There are a number of distributed computation systems that can process Big Data in real time or near-real time. This article will start with a short description of three Apache frameworks, and attempt to provide a quick, high-level overview of some of their similarities and differences.
In Storm, you design a graph of real-time computation called a topology, and feed it to the cluster where the master node will distribute the code among worker nodes to execute it. In a topology, data is passed around between spouts that emit data streams as immutable sets of key-value pairs called tuples, and bolts that transform those streams (count, filter etc.). Bolts themselves can optionally emit data to other bolts down the processing pipeline.
Spark Streaming (an extension of the core Spark API) doesn’t process streams one at a time like Storm. Instead, it slices them in small batches of time intervals before processing them. The Spark abstraction for a continuous stream of data is called a DStream (for Discretized Stream). A DStream is a micro-batch of RDDs (Resilient Distributed Datasets). RDDs are distributed collections that can be operated in parallel by arbitrary functions and by transformations over a sliding window of data (windowed computations).
Samza ’s approach to streaming is to process messages as they are received, one at a time. Samza’s stream primitive is not a tuple or a Dstream, but a message. Streams are divided into partitions and each partition is an ordered sequence of read-only messages with each message having a unique ID (offset). The system also supports batching, i.e. consuming several messages from the same stream partition in sequence. Samza`s Execution & Streaming modules are both pluggable, although Samza typically relies on Hadoop’s YARN (Yet Another Resource Negotiator) and Apache Kafka.
All three real-time computation systems are open-source, low-latency, distributed, scalable and fault-tolerant. They all allow you to run your stream processing code through parallel tasks distributed across a cluster of computing machines with fail-over capabilities. They also provide simple APIs to abstract the complexity of the underlying implementations.
The three frameworks use different vocabularies for similar concepts:
A few of the differences are summarized in the table below:
There are three general categories of delivery patterns:
- At-most-once: messages may be lost. This is usually the least desirable outcome.
- At-least-once: messages may be redelivered (no loss, but duplicates). This is good enough for many use cases.
- Exactly-once: each message is delivered once and only once (no loss, no duplicates). This is a desirable feature although difficult to guarantee in all cases.
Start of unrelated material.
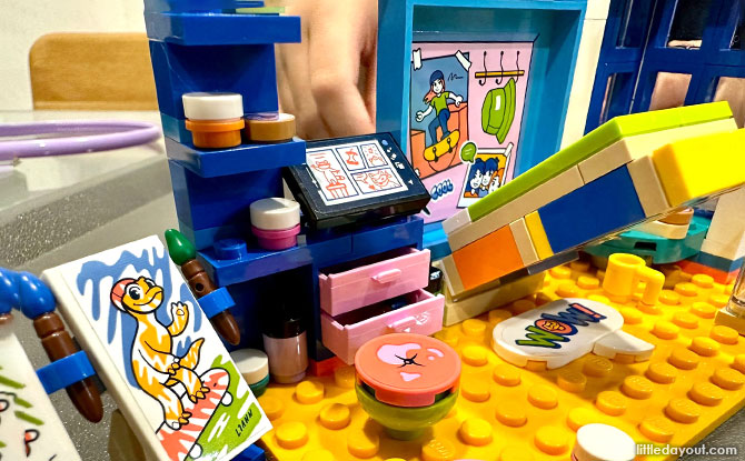 At the side of her room, there is a work area for Liann to store her art materials. The set comes with art-themed accessories such as paint tubes, palettes and easels to inspire creativity. The drawers are a cute feature where the paint brushes fit perfectly inside them. A tablet is propped up to display Liann’s latest comic drawing.

Another aspect is state management. There are different strategies to store state. Spark Streaming writes data into the distributed file system (e.g. HDFS). Samza uses an embedded key-value store. With Storm, you’ll have to either roll your own state management at your application layer, or use a higher-level abstraction called Trident.
All three frameworks are particularly well-suited to efficiently process continuous, massive amounts of real-time data. So which one to use? There are no hard rules, at most a few general guidelines.
If you want a high-speed event processing system that allows for incremental computations, Storm would be fine for that. If you further need to run distributed computations on demand, while the client is waiting synchronously for the results, you’ll have Distributed RPC (DRPC) out-of-the-box. Last but not least, because Storm uses Apache Thrift, you can write topologies in any programming language. If you need state persistence and/or exactly-once delivery though, you should look at the higher-level Trident API, which also offers micro-batching.
A few companies using Storm: Twitter, Yahoo!, Spotify, The Weather Channel...
Speaking of micro-batching, if you must have stateful computations, exactly-once delivery and don’t mind a higher latency, you could consider Spark Streaming…specially if you also plan for graph operations, machine learning or SQL access. The Apache Spark stack lets you combine several libraries with streaming (Spark SQL, MLlib, GraphX) and provides a convenient unifying programming model. In particular, streaming algorithms (e.g. streaming k-means) allow Spark to facilitate decisions in real-time.
A few companies using Spark: Amazon, Yahoo!, NASA JPL, eBay Inc., Baidu…
If you have a large amount of state to work with (e.g. many gigabytes per partition), Samza co-locates storage and processing on the same machines, allowing to work efficiently with state that won’t fit in memory. The framework also offers flexibility with its pluggable API: its default execution, messaging and storage engines can each be replaced with your choice of alternatives. Moreover, if you have a number of data processing stages from different teams with different codebases, Samza ‘s fine-grained jobs would be particularly well-suited, since they can be added/removed with minimal ripple effects.
A few companies using Samza: LinkedIn, Intuit, Metamarkets, Quantiply, Fortscale…
We only scratched the surface of The Three Apaches. We didn’t cover a number of other features and more subtle differences between these frameworks. Also, it’s important to keep in mind the limits of the above comparisons, as these systems are constantly evolving.